==== AVAILABLE DATA ====

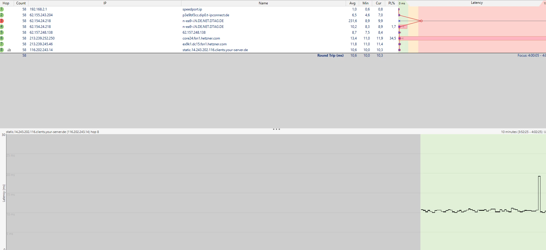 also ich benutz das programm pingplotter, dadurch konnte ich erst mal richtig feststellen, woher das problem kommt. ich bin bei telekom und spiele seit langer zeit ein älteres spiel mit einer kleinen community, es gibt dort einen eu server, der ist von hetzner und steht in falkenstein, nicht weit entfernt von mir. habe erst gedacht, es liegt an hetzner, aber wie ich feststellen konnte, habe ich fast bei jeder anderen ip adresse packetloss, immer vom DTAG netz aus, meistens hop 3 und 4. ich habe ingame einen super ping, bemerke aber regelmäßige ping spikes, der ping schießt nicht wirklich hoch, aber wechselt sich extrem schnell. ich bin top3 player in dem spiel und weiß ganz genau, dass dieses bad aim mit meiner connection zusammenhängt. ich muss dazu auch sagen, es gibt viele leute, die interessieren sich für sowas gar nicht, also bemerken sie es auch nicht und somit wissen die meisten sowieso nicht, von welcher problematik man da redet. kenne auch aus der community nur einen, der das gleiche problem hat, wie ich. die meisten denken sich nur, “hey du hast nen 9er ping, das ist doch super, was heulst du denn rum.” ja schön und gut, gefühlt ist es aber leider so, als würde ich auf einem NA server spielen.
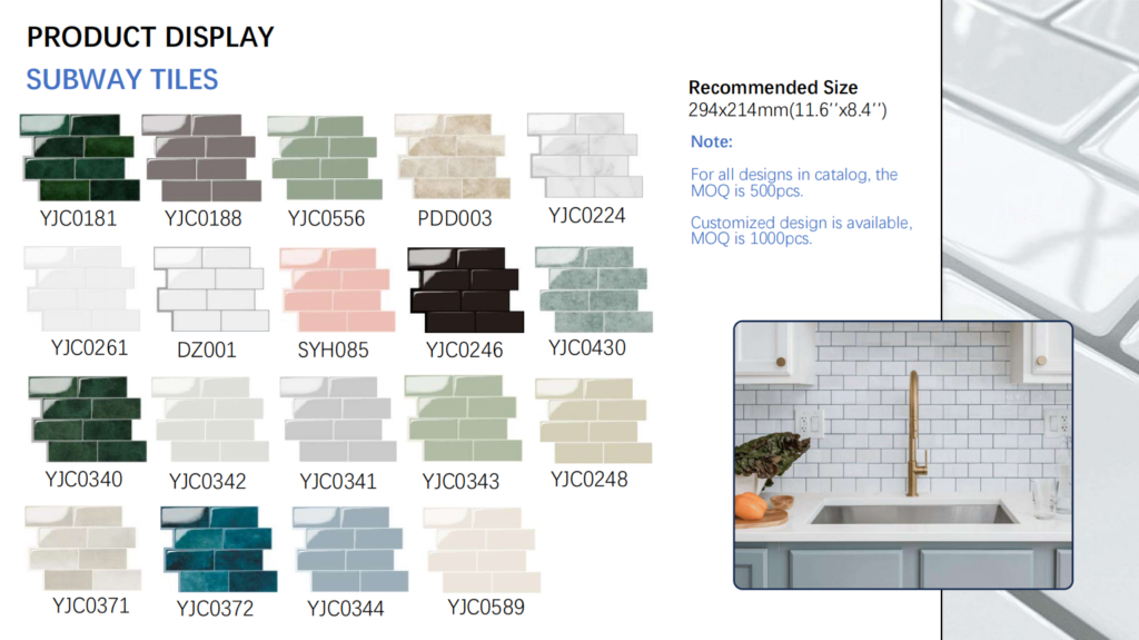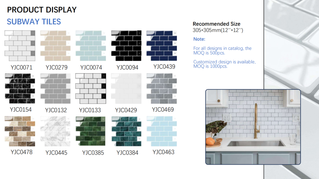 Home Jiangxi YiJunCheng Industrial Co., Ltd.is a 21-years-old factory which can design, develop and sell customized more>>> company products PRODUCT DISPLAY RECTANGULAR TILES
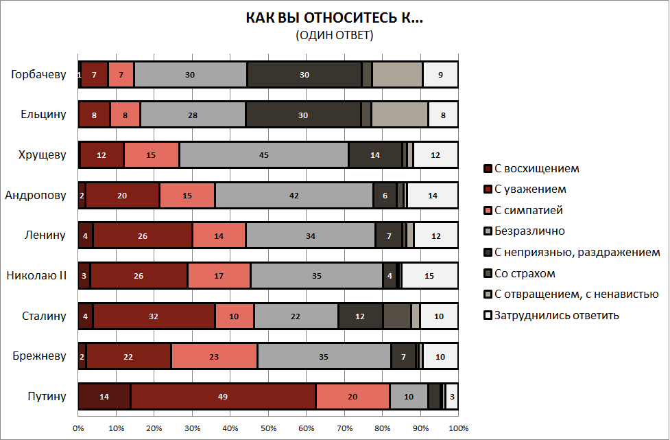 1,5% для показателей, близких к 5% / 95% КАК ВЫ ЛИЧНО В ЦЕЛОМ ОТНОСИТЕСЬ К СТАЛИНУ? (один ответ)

====

Could you give back the full listing word for word, leaving out the images?

 also ich benutz das programm pingplotter, dadurch konnte ich erst mal richtig feststellen, woher das problem kommt. ich bin bei telekom und spiele seit langer zeit ein älteres spiel mit einer kleinen community, es gibt dort einen eu server, der ist von hetzner und steht in falkenstein, nicht weit entfernt von mir. habe erst gedacht, es liegt an hetzner, aber wie ich feststellen konnte, habe ich fast bei jeder anderen ip adresse packetloss, immer vom DTAG netz aus, meistens hop 3 und 4. ich habe ingame einen super ping, bemerke aber regelmäßige ping spikes, der ping schießt nicht wirklich hoch, aber wechselt sich extrem schnell. ich bin top3 player in dem spiel und weiß ganz genau, dass dieses bad aim mit meiner connection zusammenhängt. ich muss dazu auch sagen, es gibt viele leute, die interessieren sich für sowas gar nicht, also bemerken sie es auch nicht und somit wissen die meisten sowieso nicht, von welcher problematik man da redet. kenne auch aus der community nur einen, der das gleiche problem hat, wie ich. die meisten denken sich nur, “hey du hast nen 9er ping, das ist doch super, was heulst du denn rum.” ja schön und gut, gefühlt ist es aber leider so, als würde ich auf einem NA server spielen.
 Home Jiangxi YiJunCheng Industrial Co., Ltd.is a 21-years-old factory which can design, develop and sell customized more>>> company products PRODUCT DISPLAY RECTANGULAR TILES
 1,5% для показателей, близких к 5% / 95% КАК ВЫ ЛИЧНО В ЦЕЛОМ ОТНОСИТЕСЬ К СТАЛИНУ? (один ответ)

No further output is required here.